(INFORMATION PROVIDED):
=== Begin Enclosure ===
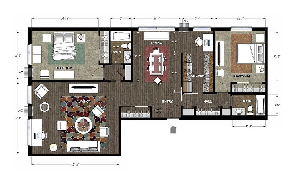 2 Beds, 2 Baths, 1300 sq ftModel Gallery
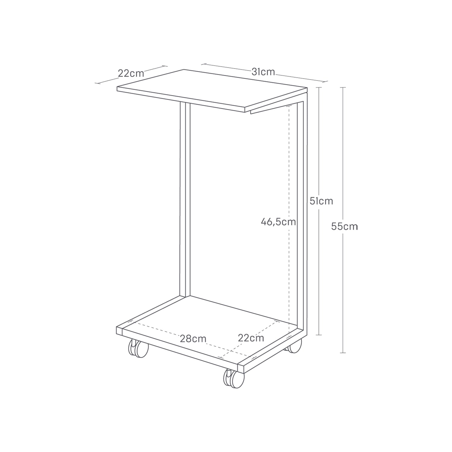 - Mål: ca. 55 × 31 × 22 cm
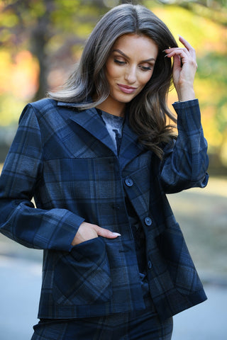 Take Your "Work to Weekend" Wardrobe to New Heights in Estelle & Finn's Plaid Jacket! This Timeless Navy/Grey Combination Works Back to Your Trousers for the Office or Head to the Hills and Pair with Jeans for an Elevated Weekend Vibe!
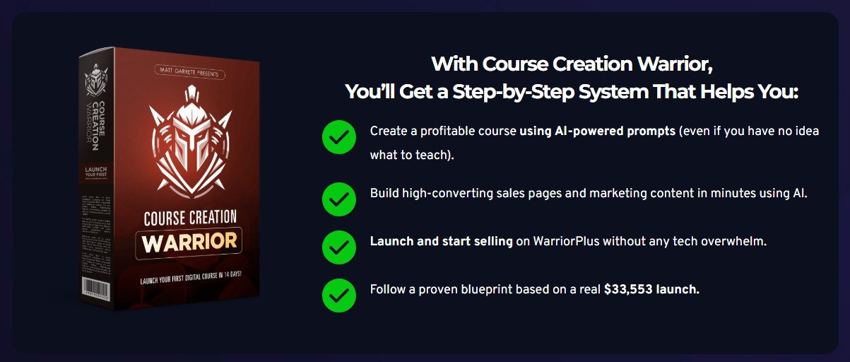 Course Creation Warrior is a guided 14-day training system that walks you from idea → course content → sales page → launch. The big promise is speed: use AI prompts + a daily checklist so you don’t get stuck on writing, structure, or marketing materials.
=== End Enclosure ===
(WHAT YOU SHOULD DO):
What you output must match the data exactly, apart from the pictures, which are left out.

(TASK RESPONSE):
 2 Beds, 2 Baths, 1300 sq ftModel Gallery
 - Mål: ca. 55 × 31 × 22 cm
 Take Your "Work to Weekend" Wardrobe to New Heights in Estelle & Finn's Plaid Jacket! This Timeless Navy/Grey Combination Works Back to Your Trousers for the Office or Head to the Hills and Pair with Jeans for an Elevated Weekend Vibe!
 Course Creation Warrior is a guided 14-day training system that walks you from idea → course content → sales page → launch. The big promise is speed: use AI prompts + a daily checklist so you don’t get stuck on writing, structure, or marketing materials.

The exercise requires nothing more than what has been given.